We have a "very big" data challenge, whereby we are trying to leverage Neo4J Cypher to reduce the data from 10^10 records down to 10^6 records. The approach is to create 10^2 DB instances, each with about 10^8 relationships and nodes, operating in batch.
Each instance needs to export about 10^5 records resulting from a query. Whereas the import is impressively fast, the best export performance we're getting is about 200 records per second. Clearly, it is not possible to export 10^5 records using such a trickle.

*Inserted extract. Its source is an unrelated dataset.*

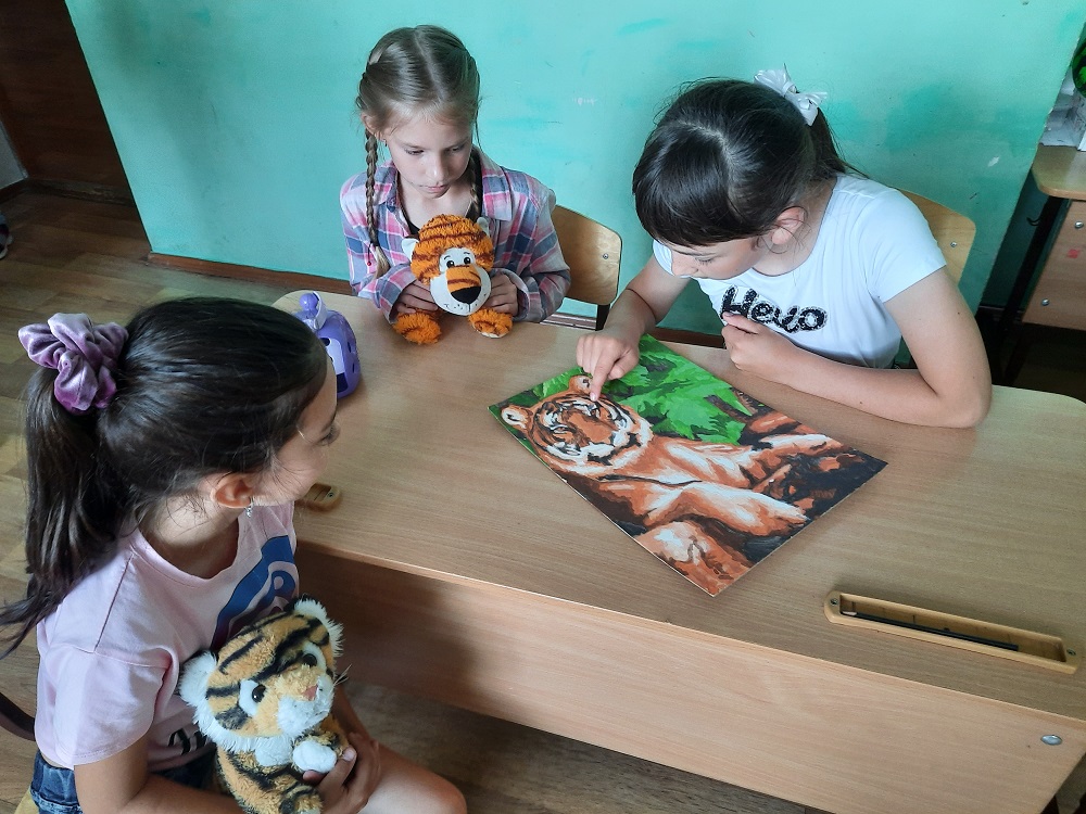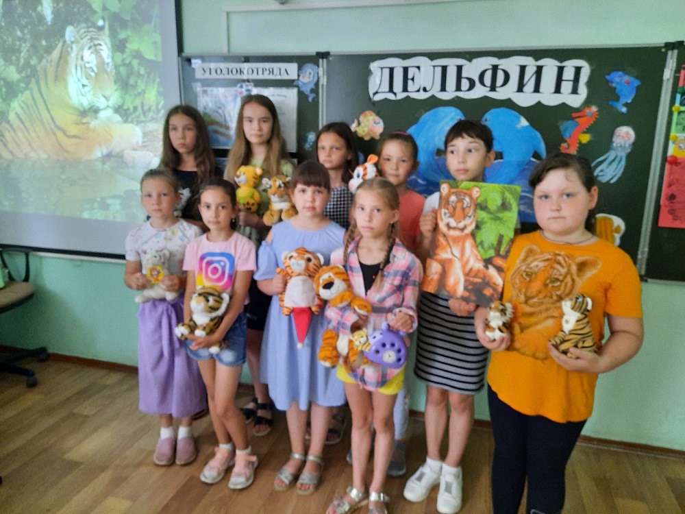 Сегодня в лагере дневного пребывания детей «Бригантина» с целью привлечения внимания к проблеме уязвимости тигров в современном мире и к вопросам защиты тигров и среды их обитания был проведён Всероссийский урок тигра.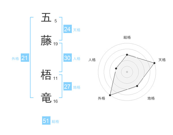 五藤 梧竜さんの総格は51画の3点!

To be clear, the import speed is good: I can import 6M nodes, 33M relationships and 19M properties within 200-240 secs. For most cases, this is sufficient to load about 10^8 records within minutes.
The queries are performing well, starting to stream within less than a sec; no issue there.
The export throughput is not acceptable. I have tested 3 approaches for the export:
Option 1: Using cypher shell pipes:
"cat query.txt | ./bin/cypher-shell -u ... -p ... --format plain > result.txt"
Option 2: Using python py2neo
Option 3: Using REST via the webapp.
The performance results of options 1 and 2 are almost identical, peaking at 200 records per second, with flattening occurring above 20,000 records. Specifically, retrieving 22280 requires 111.67 seconds. Note that this query starts streaming within <50msec; all the time is spent streaming!
With Option 3, the same 22280 records require 115 seconds, implying that the REST API overhead is <4%.
I was expecting to achieve >10,000 records per second.
How do I get the export to be >50x faster???